Female 110 lbs, Height 5'5


----------



## neni

Depends on the nicks... dings on the topsheet are harmless, some superficial scratches in the base won't harm neither. Check if the edge is fine. You don't want nicks in the edge or a damaged base right at the edge.

But... how old of a board combo are you talking? Be aware that CL adds are full of morons which try to ripp off noobs with no clue about prices... sometimes with hilarious high prices for old crap! As a reference: You can get brand new last years beginner boards for 200$, and used (but not old!) bindings / boots for ~50$ each... 

Also be very careful with the boots... don't just get a combo cos it's tempting n cheap without having tried the boots carefully. They are the most important part of your gear, the one part which causes most problems (endless list of ppl with foot pain, pressure points a.s.o.). Go to a shop with a good selection and try many boots to get a feeling for what fits and what not. You _can_ buy slightly(!) used boots if you want, there are enough ppl who only used them a few times and gave up snowboarding, but don't buy old used boots (they break in after a certain amount of days used and won't support well anymore). 
When trying boots: they should have a snug fit. No pressure points at all! A mild pressure point will only get worse during a day and cause pain at the end of the day.
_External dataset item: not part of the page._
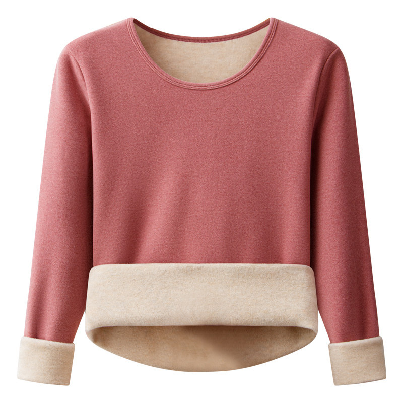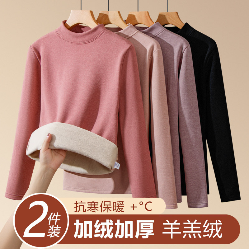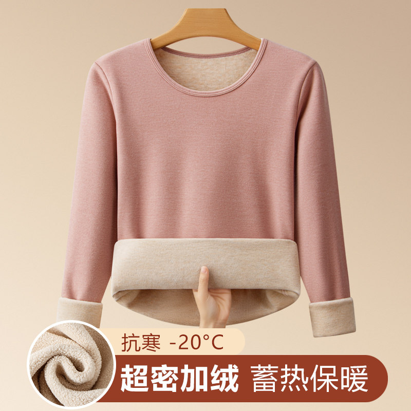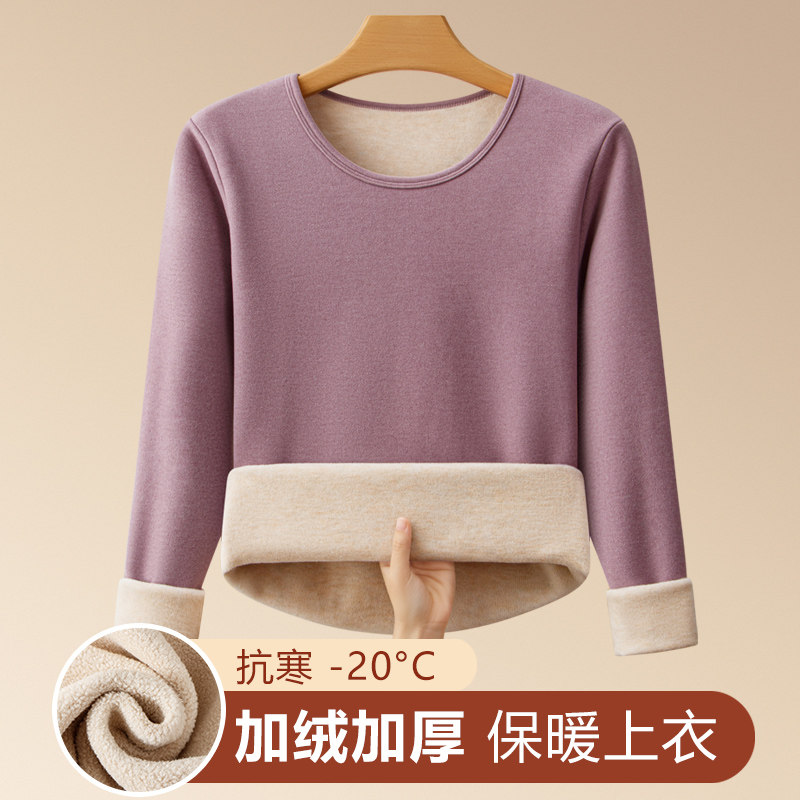 中老年保暖内衣女士加绒加厚内穿单件打底抗寒羊羔绒妈妈上衣冬季

If you find a deal you think is interesting, post the link/pics here. Ppl here will tell you if it's worth the coins or a ripp off.

Good luck and :welcome:

BTW: one can't change the title of a thread


----------



## Deacon

neni said:


> Depends on the nicks... dings on the topsheet are harmless, some superficial scratches in the base won't harm neither. Check if the edge is fine. You don't want nicks in the edge or a damaged base right at the edge.
> 
> But... how old of a board combo are you talking? Be aware tgat CL adds are full of morons which try to ripp off noobs with no clue about prices... sometimes with hilarious high prices for old crap! You can get new last years beginner boards for 200$, used (but not old!) bindings / boots for ~50$ each...
> 
> Also be very careful with the boots... don't just get a ccombo cos it's temting n cheap without having tried the boots carefully. They are the most important part of your gear, the one part which causes most problems (endless list of ppl with foor pain, pressure points a.s.o.). Go to a shop with a good selection and try many boots to get a feeling for what fits and what not. You _can_ buy slightly used boots if you want, there are enough opl who only used them a few times and gave up snowboarding, but don't buy old used boots (they break in after a certain amount of days used ant won't support well anymore).
> When trying boots: they should have a snug fit. No pressure points at all! A mild pressure point will only get worse during a day wearing and cause pain at the end of the day.
> 
> If you find a deal you think is interesting, post the link/pocs here. Ppl here will tell you if it's worth the couns or a ripp off.
> 
> Good luck and :welcome:
> 
> BTW: one can't change the title of a thread


This.


Also, that K2 is a rip. Too much.

*edit: Neni, great choice for your new avatar pic! :hairy:


----------



## slyder

also at this point in yours or if this is for your girl (not sure whom this is) learning curve of riding, are you sure you want to spend money getting gear? 
Hoping you or your girl enjoy riding to keep at it but if you are still on the bunny hill and/or greens is this sport something you enjoy and are going to stick with. 
Sometimes ppl try, get excited, buy the gear, then end up not liking it. Now you stuck trying to sell the gear. Not saying this is the case just saying maybe renting for a little more till you/they decide for sure this is a sport they want to continue enjoying. 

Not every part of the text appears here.